Mass Effect is about a soldier and his/her crew coming across the knowledge that the people of the galaxy have been manipulated and tricked by a super-advanced race of what are essentially mechanical lovecraftian horrors, who intend to kill and harvest them all. Of course, everyone thinks Shepard is crazy, and these warnings fall on deaf ears. You also have the whole "humans are the new kids on the block and are trying to earn the older species' respect as they interact with them more".
The stories are completely different in tone and themes dealth with.
...Okay, this is just stupid. You can't really compare a bunch of mile long cosmic horrors to a swarm of headcrab zombies.The reapers are the flood.
One is a heavily lovecraft inspired race of massive intelligent space-faring organisms who manipulate mortals, drive them crazy and turn them into mind-slaves before coming around and harvesting every intelligent species in the galaxy to make more of themselves. They are interesting, they are intelligent, and they have distinct (albeit still somewhat mysterious) motivations.

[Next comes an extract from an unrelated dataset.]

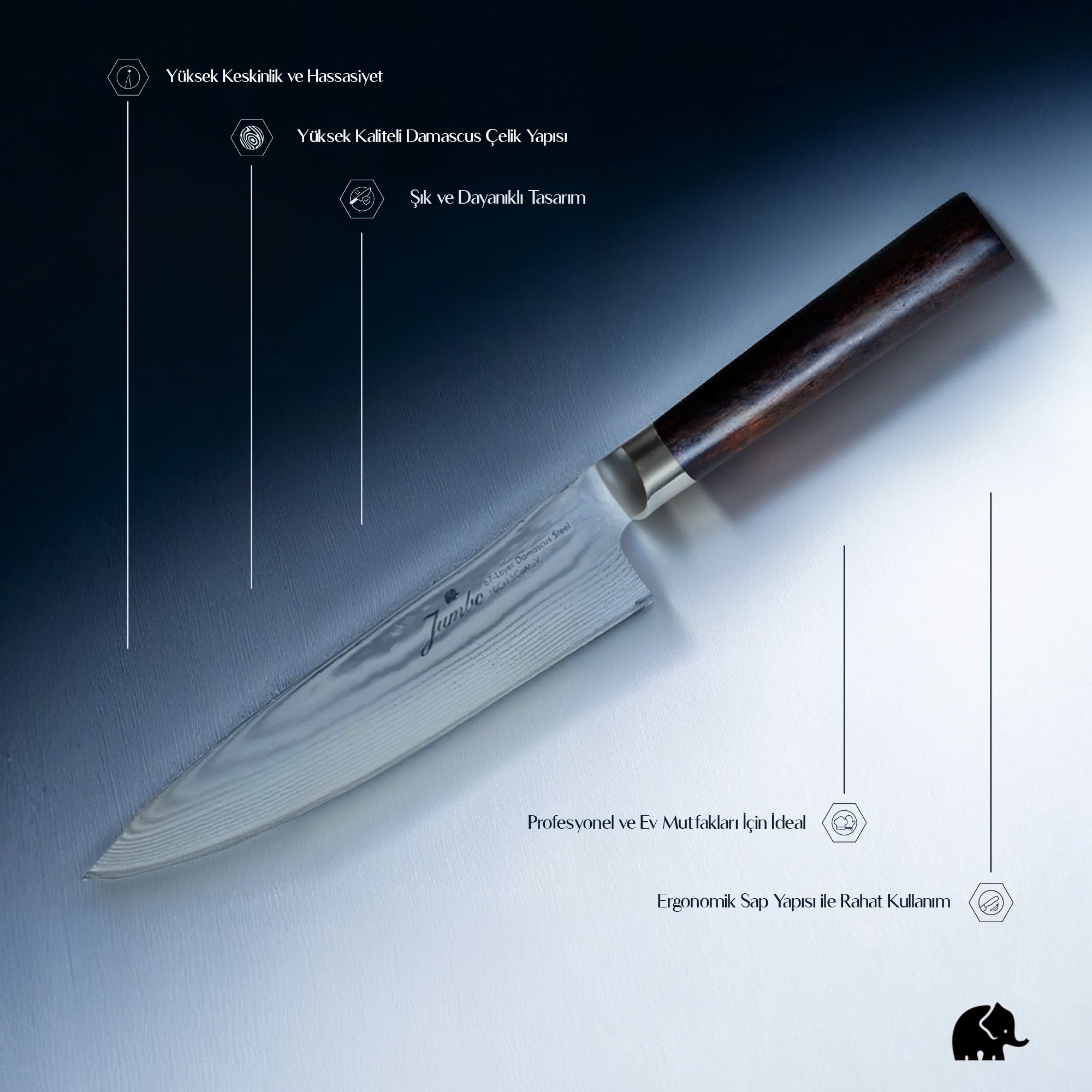 Jumbo Saga Çelik'in özenle tasarlanmış Damascus Bıçak Seti, profesyonel mutfak kullanımının yanı sıra şefler ve yemek tutkunları için mükemmel bir tercihtir. Set, yüksek kaliteli malzemeler ve titiz işçilikle üretilmiştir. Her bir bıçak, dayanıklılık ve keskinlik arayan kullanıcılara uzun ömürlü performans sunar.
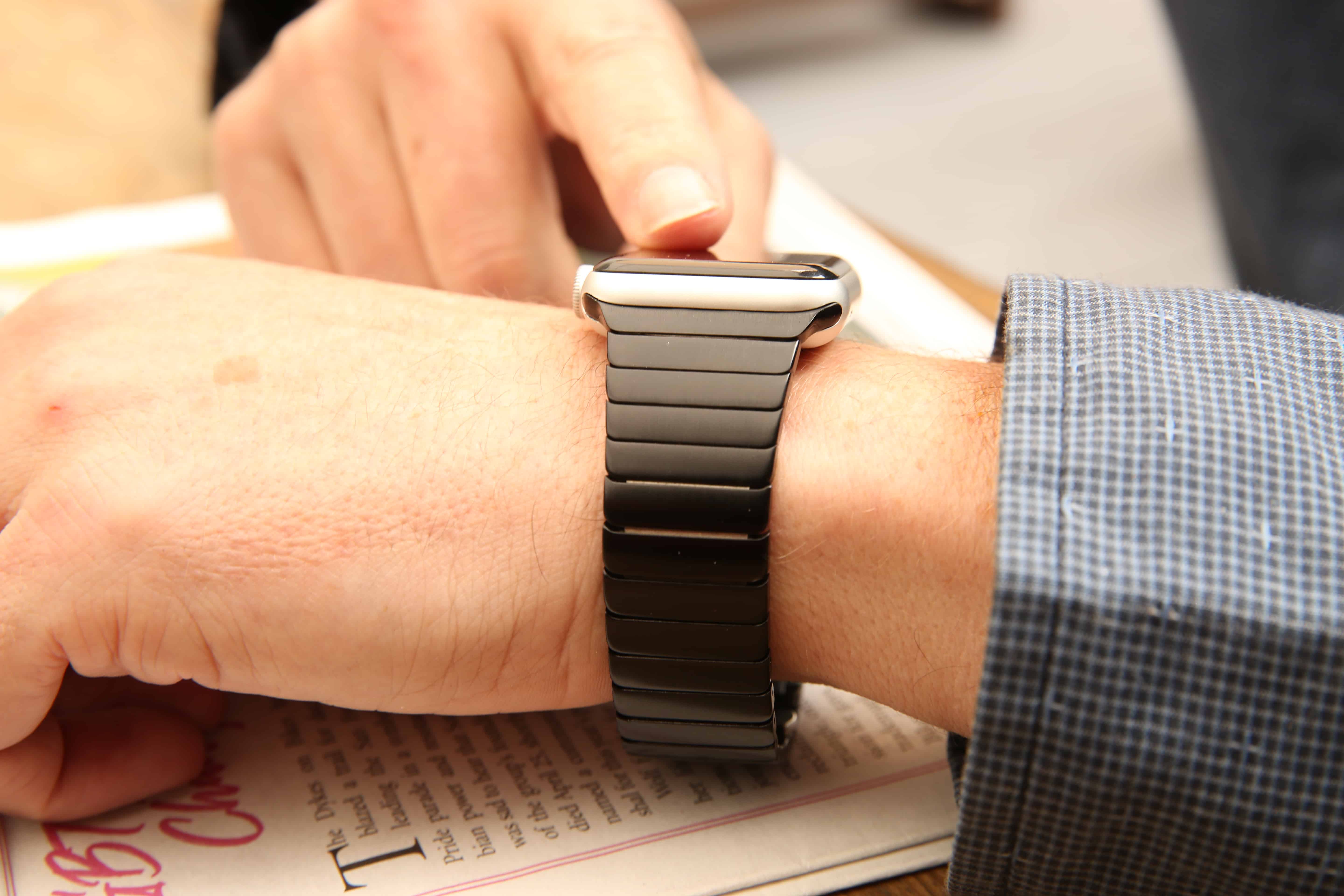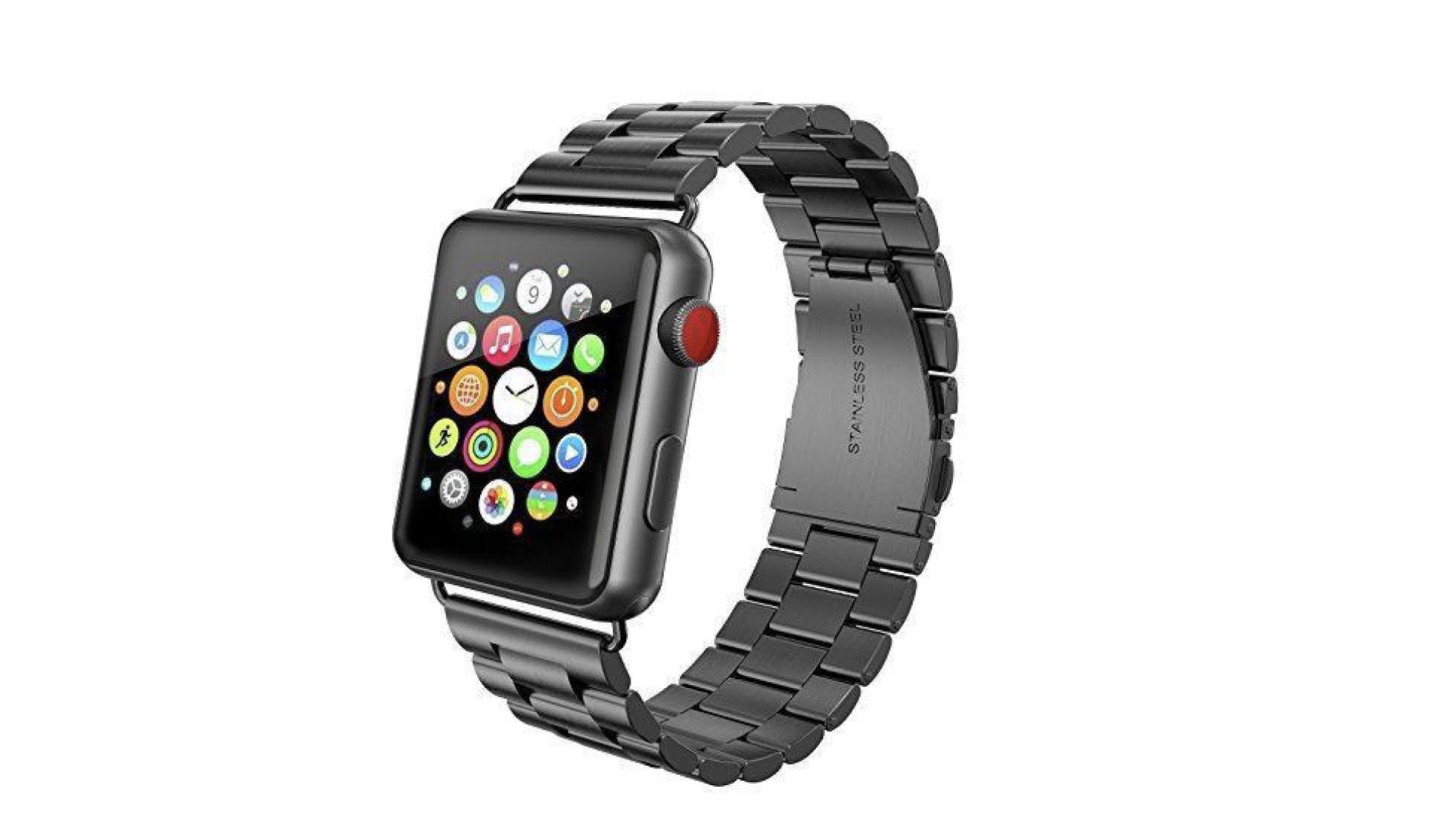 The band ships with a link removal tool that makes it easy to adjust, and it looks great on Apple Watch. It’s available in silver or black, and it’s surprisingly affordable.

The other is *gasp* an alien bio weapon/plague thing that got out of hand and turned on its creators. Like that hasn't been done before (and better) in starcraft, the alien series, and warhammer40k decades before Halo was a thought in anyone's mind.
The tyranid and zerg were the flood before the flood were the flood. Hell, headcrabs from halflife were the flood before the flood were the flood. Don't accuse a series of being unoriginal by comparing it to another series that has heavily borrowed elements from everything from 40k to halflife.
To be fair, no sci-fantasy setting is completely original. The whole point of sci-fantasy is to take fantasy elements and reinterpret them within a futuristic setting. Execution trumps originality. Take the original Star Wars trilogy. The plot was really just the classic hero's journey reinterpreted in a futuristic setting. It is FULL of tropes and cliches, but they were executed well, and had enough on a new spin on them to avoid feeling completely rehashed.